*DESCRIPTION OF THE TASK:* Only the lines from the one containing "France, Brest, 2023-01-27." to the end of the listing below should be returned, exactly as written and without pictures.

*MATERIAL PROVIDED:*
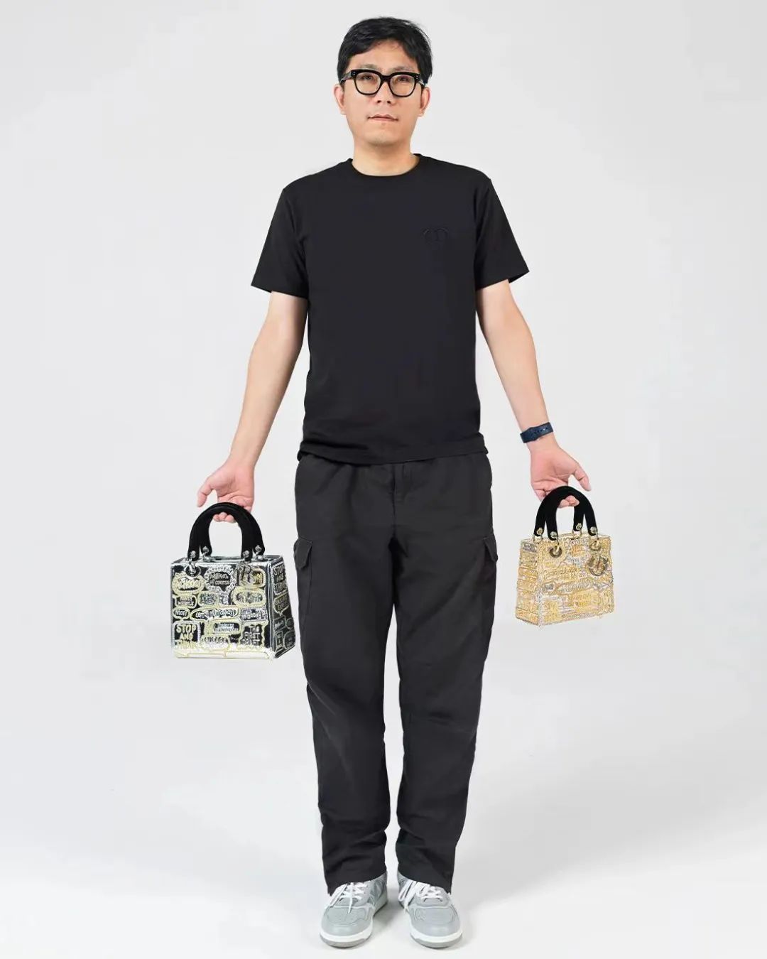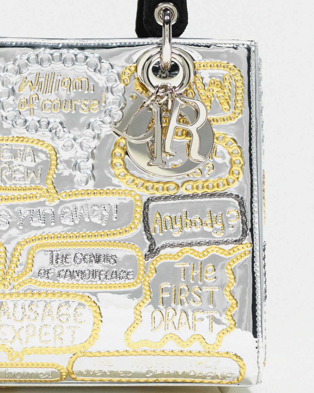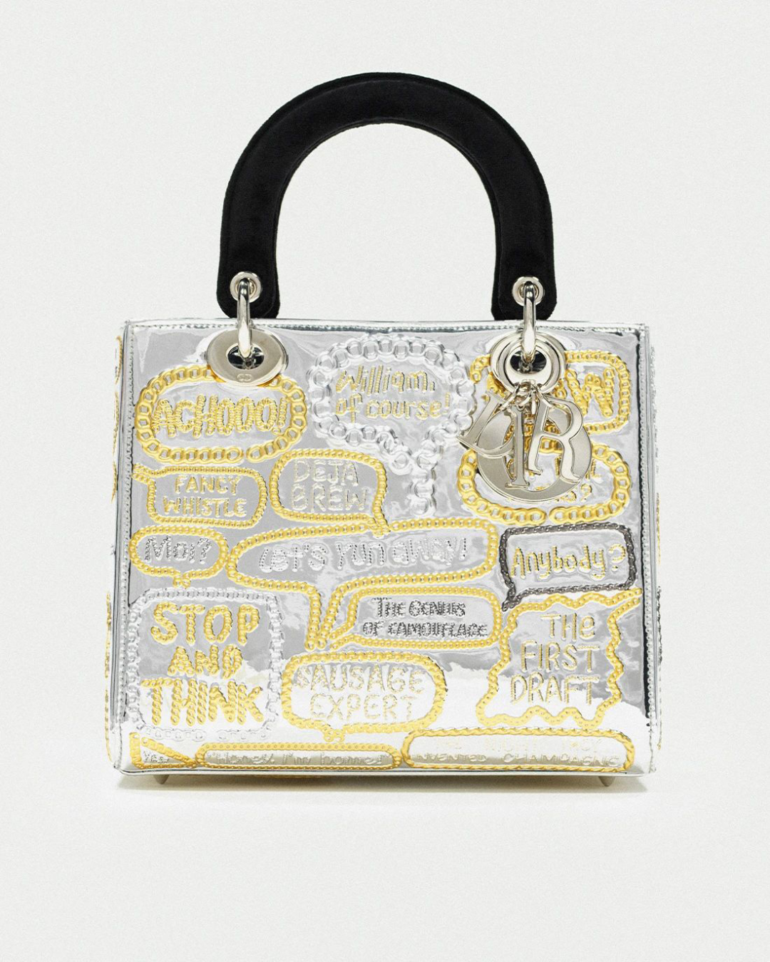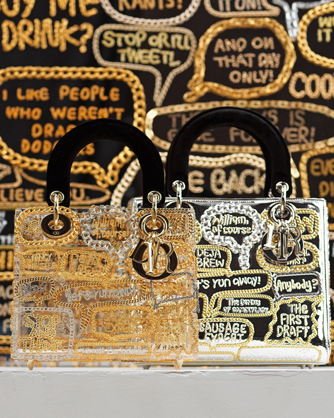 徐震打造的两款全新 LADY DIOR 手袋灵感源自其个人系列作品《金属的语言》,它们采用透明有机玻璃和镜面印花材料制作而成反光的手袋表面则饰以金色和银色的短语和感叹句,并依次由金属链条勾勒出来。
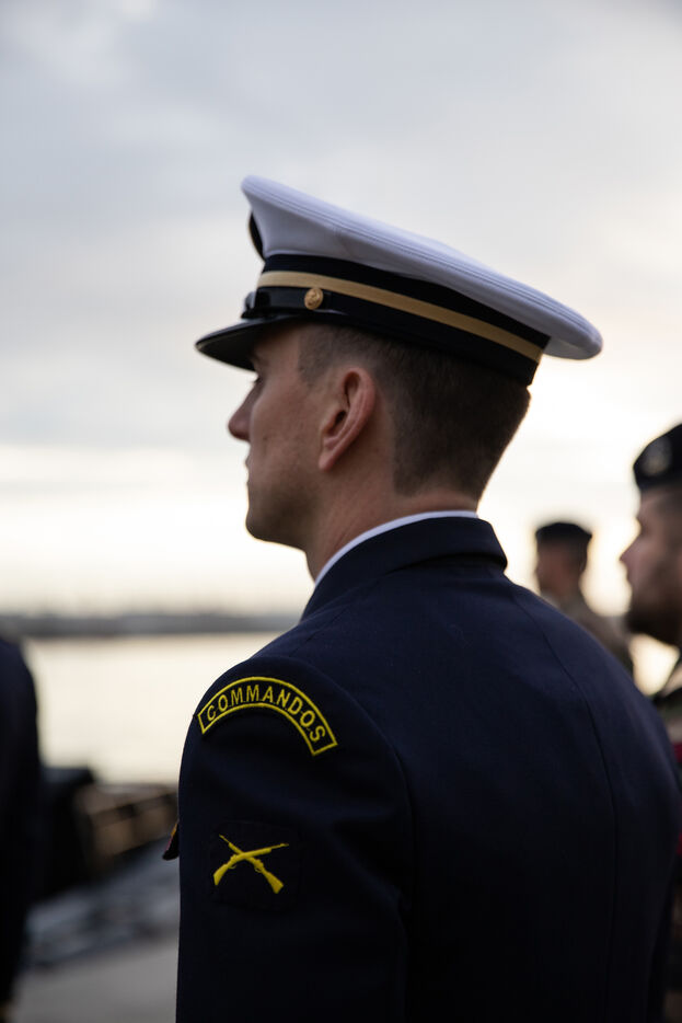 France, Brest, 2023-01-27. Naming ceremony of the Vedette de Fusiliers Marins Bir Hakeim on the naval base of Brest. Photograph by Vincent Feuray / Hans Lucas.
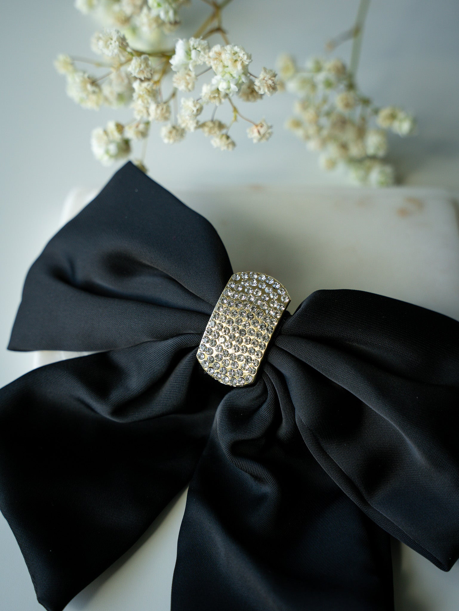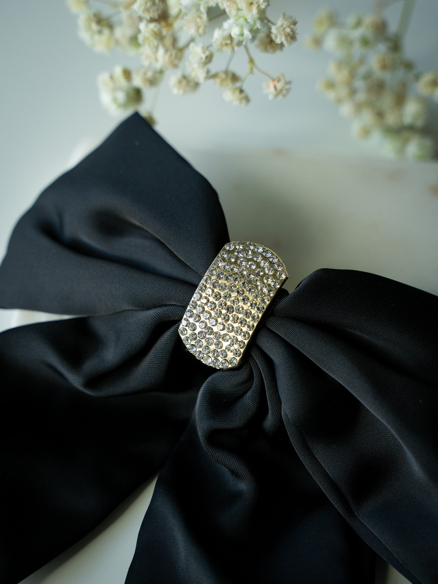 Elevate your look with Satin Glam - Black. Made with luxurious satin and adorned with thick rhinestones, these hair bows add an elegant touch to any outfit. Perfect for winter and the holiday season, these clips give off a sophisticated and exclusive vibe.
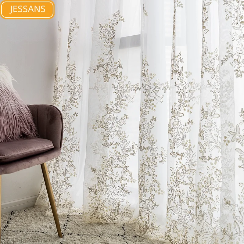 1Pc 100*250cm Flower Jacquard Tulle Window Curtain Drape Lace Embroidered Sheer Voile Curtains Bedroom Balcony Living Room Decor  Read more
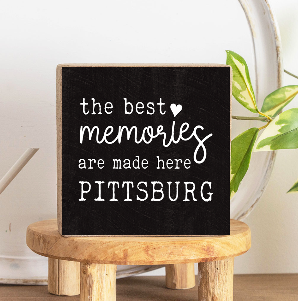 The Best Memories block Sign is the perfect gift for any Pittsburg fanatic! This Decorative Wooden Block will add character to any shelf or tabletop. Put a little bit of your personality on display on your mantel, bookcase or desk. Handcrafted of solid pine, this item is made to last with a vintage look.

*COMPLETED TASK:*
 France, Brest, 2023-01-27. Naming ceremony of the Vedette de Fusiliers Marins Bir Hakeim on the naval base of Brest. Photograph by Vincent Feuray / Hans Lucas.
 Elevate your look with Satin Glam - Black. Made with luxurious satin and adorned with thick rhinestones, these hair bows add an elegant touch to any outfit. Perfect for winter and the holiday season, these clips give off a sophisticated and exclusive vibe.
 1Pc 100*250cm Flower Jacquard Tulle Window Curtain Drape Lace Embroidered Sheer Voile Curtains Bedroom Balcony Living Room Decor  Read more
 The Best Memories block Sign is the perfect gift for any Pittsburg fanatic! This Decorative Wooden Block will add character to any shelf or tabletop. Put a little bit of your personality on display on your mantel, bookcase or desk. Handcrafted of solid pine, this item is made to last with a vintage look.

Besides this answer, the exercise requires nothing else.